В любых условиях всегда нужно выбирать вариант, к которому ты не готов — так закаляется характер, так закалялась Мэри-Энн, раз за разом на конкурсах выбирая то, в чём совершенно не сильна. Научиться петь за два месяца? Сносный голос превращается в очень неплохой вокал, она старательно держит спину, заставляет себя держать ноты, ритм, уверенно смотреть в зрительный зал, пока между лопаток стекает струйка пота, прожигая солью незажившие ссадины: это девочка-пиздец стекала по стене голой спиной, когда от недосыпа, усталости, недоедания кончился разом весь кислород; а вот эта — здесь она умудрилась ободрать плечо, когда танцевала очередное па.
Под кружевами изящных платьев никогда не видно правды.
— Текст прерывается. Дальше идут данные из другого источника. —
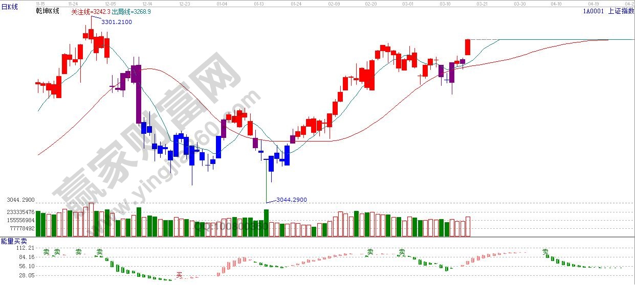 ★依據贏家江恩理論系統極反通道提示:大盤高開高走,滬指直逼日線外軌線,點位3285點,趨勢延續多頭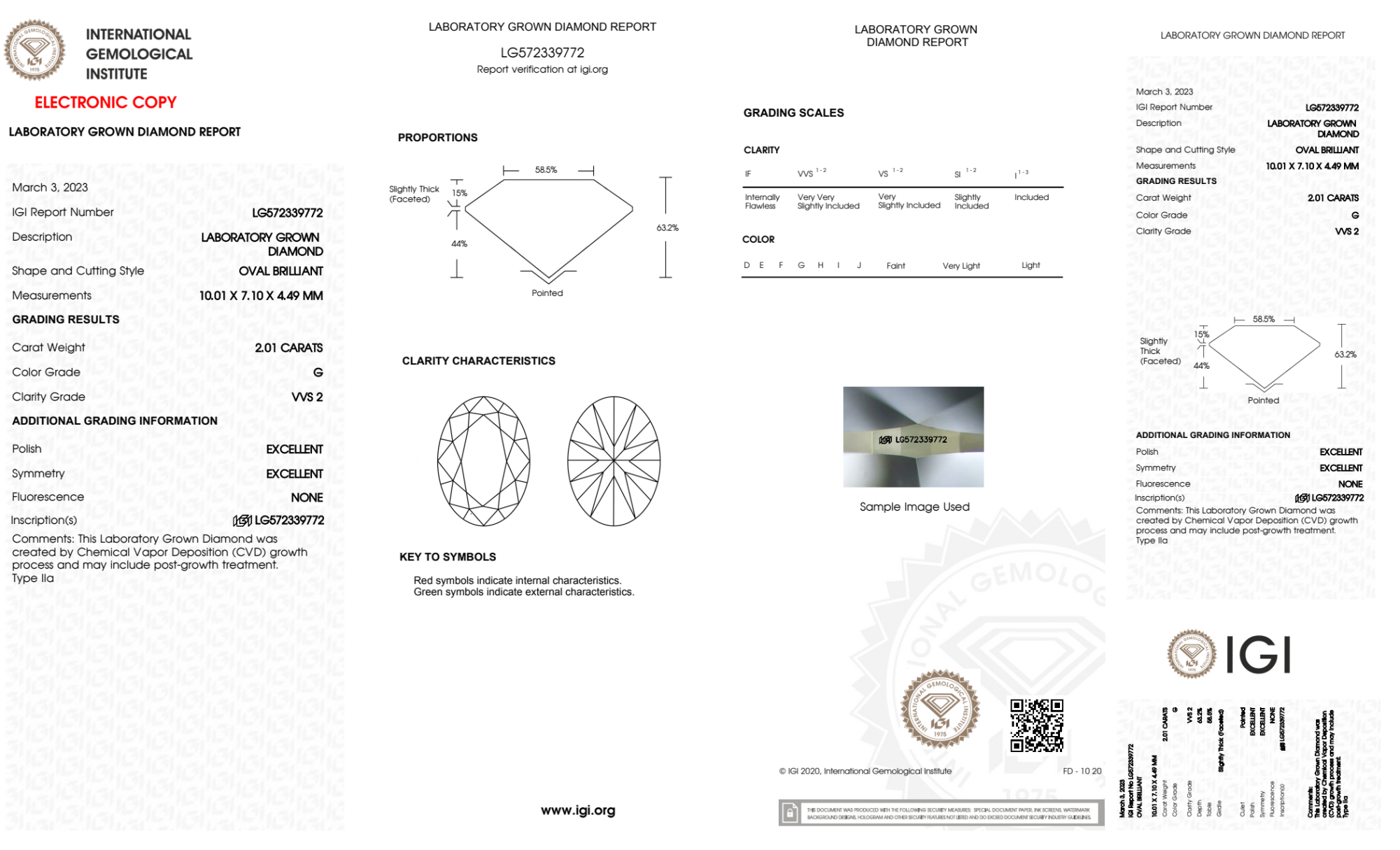 Your 2.01 carat Oval lab diamond is graded G color (Near Colorless), and you can read more about G color diamonds here.
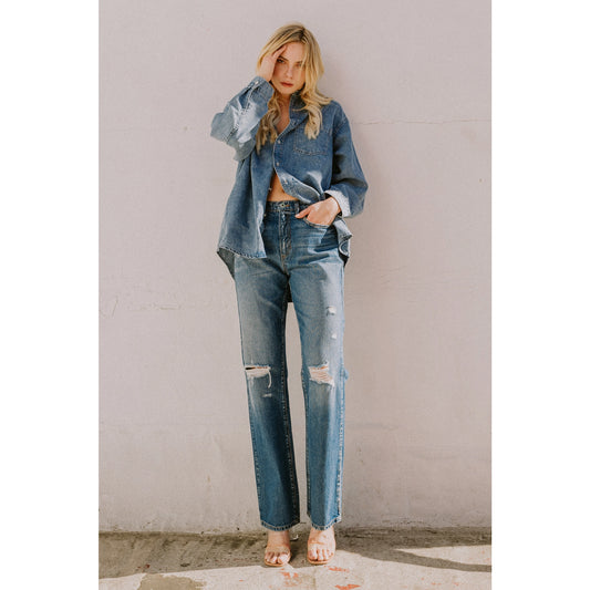 SneakPeek - Midrise Bootcut Jean w/ Distress and Hem Accent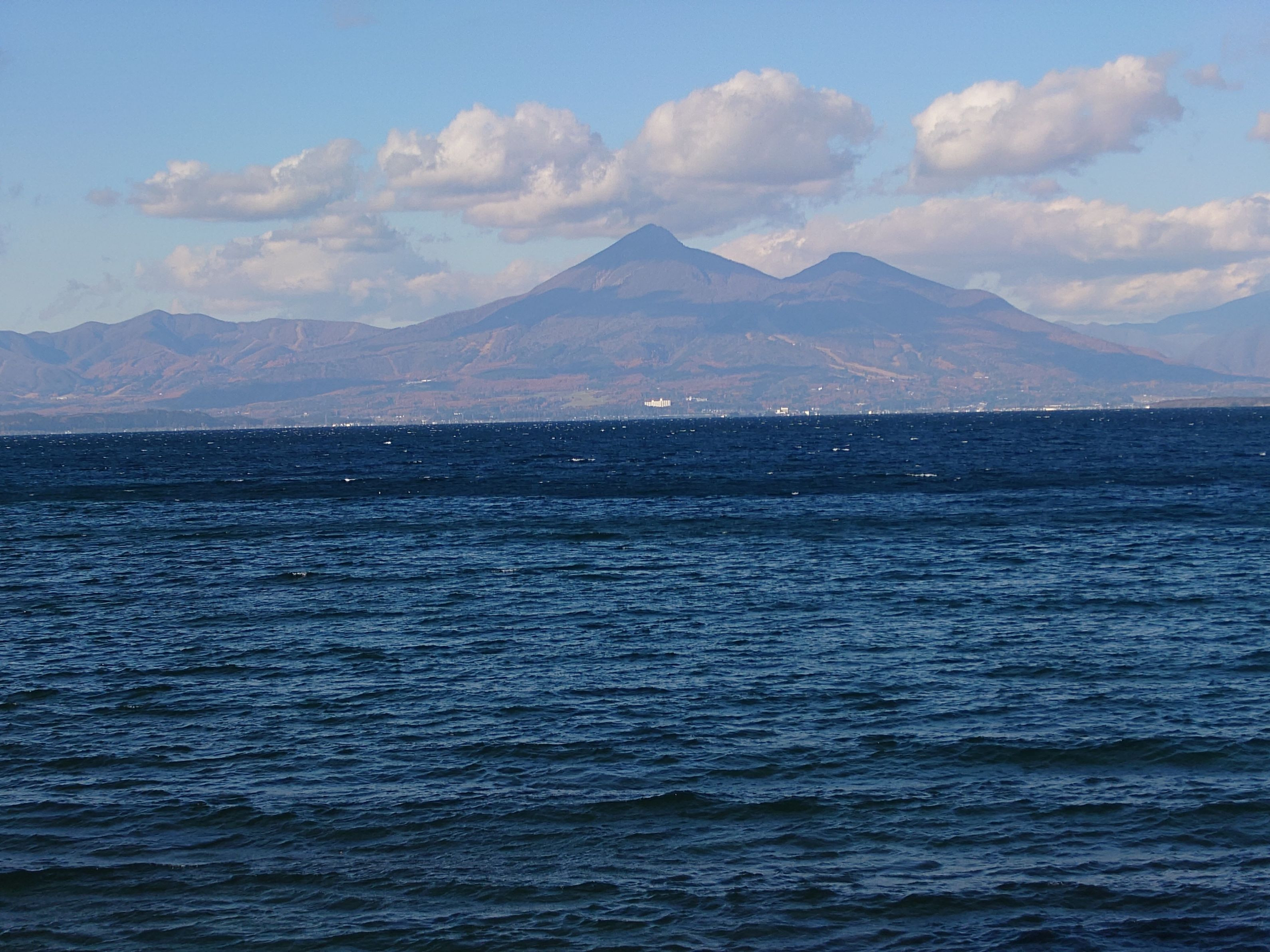 晴れ間に雲がたなびき、赤く紅葉した木々が見える磐梯山です。七五三の日ですね。 風が強く波がうねっています。

Мэри-Энн улыбается, пока не треснут губы.
Не запузырится кровь в уголке.
Пока не заболят скулы до того, что их сведёт, и эту улыбку невозможно будет отклеить.
Прошлое жрёт её, как Рой управляется с мясом — ловкие пальцы и острый нож проходятся по памяти Мэри лакмусовой бумажкой. Она забыла, каково быть королевой красоты;
она совершенно не знает, как быть королевой;
из неё не вышла даже принцесса.
Зато, снимись она в кино, вышла бы отличная мескалиновая девочка с этими её синяками под глазами, растянутыми майками, тонкими веточками взлетающих к небу рук.

Мягкая шёрстка Клауса скользит между пальцев, — Роуз рассеянно улыбается, подхватывает кота на руки (тот повисает недовольной ворчливой тушкой), — смотрит на Роя, но как будто насквозь, зная до количества точек узор на кухонной плитке и каждую царапинку на ручке шкафчика. Рой выглядит чужим здесь.
Рой нужен здесь до одури, до нехватки воздуха, до её последней вероятности глотнуть свободы. «Всего пять дней до Дня святого Валентина (бедный Валентин)», — вдруг вспоминает Мэри-Энн про себя и думает, — «Я сходила бы с ним на свидание».
— Ему можно, просто не дай ему откусить пальцы, — смеётся принцесса-мыльных-драм и отпускает кота к мясу: тот бежит, задрав пушистый хвост к потолку трубой, — Подсадишь кота на человечину, и что нам делать потом?

Рой одомашнивается, скидывая с себя слой за слоем, обнажая руки в переплетении вен, косточку на запястье, мелкие ожоги от масла по тыльным сторонам рук; Рой выглядит как Клаус на второй день пребывания в доме, когда тот уже опушился и перестал стесняться чего бы то ни было; впрочем, кажется, повар из закусочной ещё не готов обнаглеть настолько.
Кошачьей кристальной честности во взгляде ему уже хватает.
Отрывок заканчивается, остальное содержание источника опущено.